Still lying completely still on the grass, Duo let out a laughing scoff that hung in the air much longer than it lasted, a ghostlike echo ringing out over the pond. A sleeping drake fluttered his feathers and beads of water rolled off them into the pond.
"Hm. That figures," he chuckled. "Figures Peacecrafts would live lives as dry as their compassion. But don't worry, it's no beauty you can't just buy from some painting or a night with some baby-faced hooker. From the city, it's as dull as chalk, and from the woods, it comes too close and looks more like a graveyard, but from wherever you look, it's still equally depressing. That's the beauty of it. You can't cheapen its disheartening effect. That's the real secret," the bohemian confessed with a rueful smile, turning his head on the grass to look the traveler in the eye. "So don't worry. You're not missing much."
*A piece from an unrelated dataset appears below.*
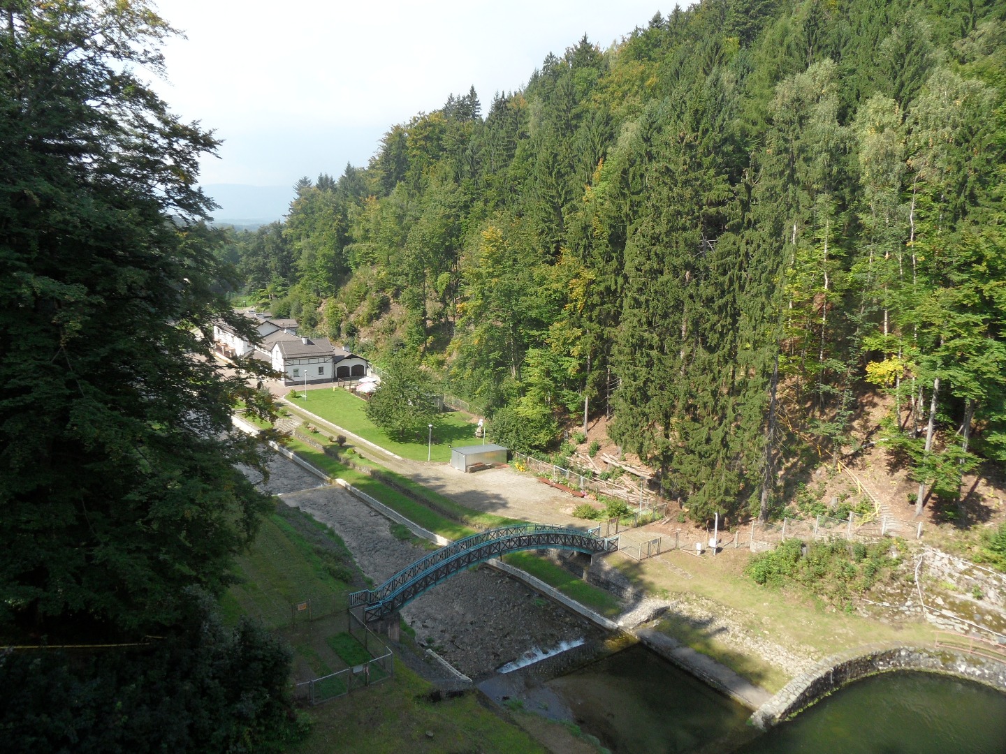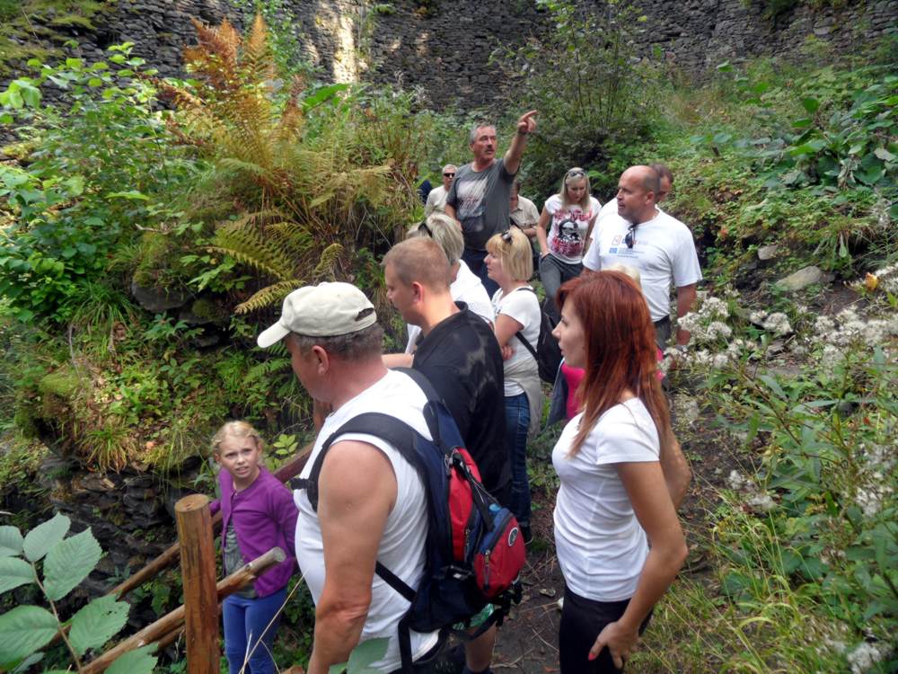 Międzygórze było znanym kurortem leczniczym. Następnie udaliśmy się do Międzylesia, gdzie czekał na nas obiad. Również i tutaj pospacerowaliśmy po mieście, a potem udaliśmy się w dalszą drogę. Na trasie zatrzymaliśmy się przy leśnej drodze, aby wąską dróżką dojść do ruin zamku Szczerba, który jest jedną z trzech średniowiecznych warowni Ziemi Kłodzkiej. Następnie zatrzymaliśmy się w punkcie widokowym Jedlnik, z którego roztaczała się panorama Gór Bystrzyckich , Orlickich i Masywu Śnieżnika. Ciekawostką florystyczną była endemiczna, karłowata sosna na wzniesieniu tego grzbietu.

Heero watched the smile in fascination, tried to imprint the way the violet in his eyes was brighter in moonlight, how his ikkunnoi twitched happily for a moment, because he had a feeling it wouldn't last for long. And it didn't. The short-lived smile soon withered and disappeared somewhere in the bohemian's face and his piercing, emotionless stare returned with double intensity. Heero hadn't realized that he had leaned back onto the grass during his sad narrations-that he was close enough for a heart attack-until Duo stared back in absolute silence, undaunted. Cat-slit eyes devoured his face, constantly analyzing it but never betraying what they were searching for. He wet his lips hesitantly, still not turning away, and Heero could feel his heart drumming against the inside of his ribs, feeling like he free-falling into pure terror. The one-eared Neko blinked as he opened his mouth and he could see silver gleaming in the back of his eye. The sound of his clothes shifting as he twisted onto his side seemed as loud a gunshot and his hummingbird heart kept it's pace.
"Did I ever tell you why they call me Maxwell's Demon, Heero?" he whispered tiredly, losing all the brash spark to his voice all of a sudden.
Heero, who was too anxious to even think at the moment and too enchanted by the melancholy bohemian to remember that he had come to deliver a specific and very burdensome message, could only numbly shake his head, his own mouth horribly dry all of a sudden.
"I gave myself that name," Duo said with a sigh. His ikkunnoi flickered sadly and his eyes traced along a dew-beaded blade of glass.
"And now, I think I'm beginning to understand why I did it. Hell, I'm even beginning to understand what Peacecraft's own damn daughter said to me and I don't want to say that she was right, but she was close to it. As ignorant as she is, I mulled over what she said and came to the conclusion that I made myself my own demon-Maxwell's Demon is exactly what his name suggests.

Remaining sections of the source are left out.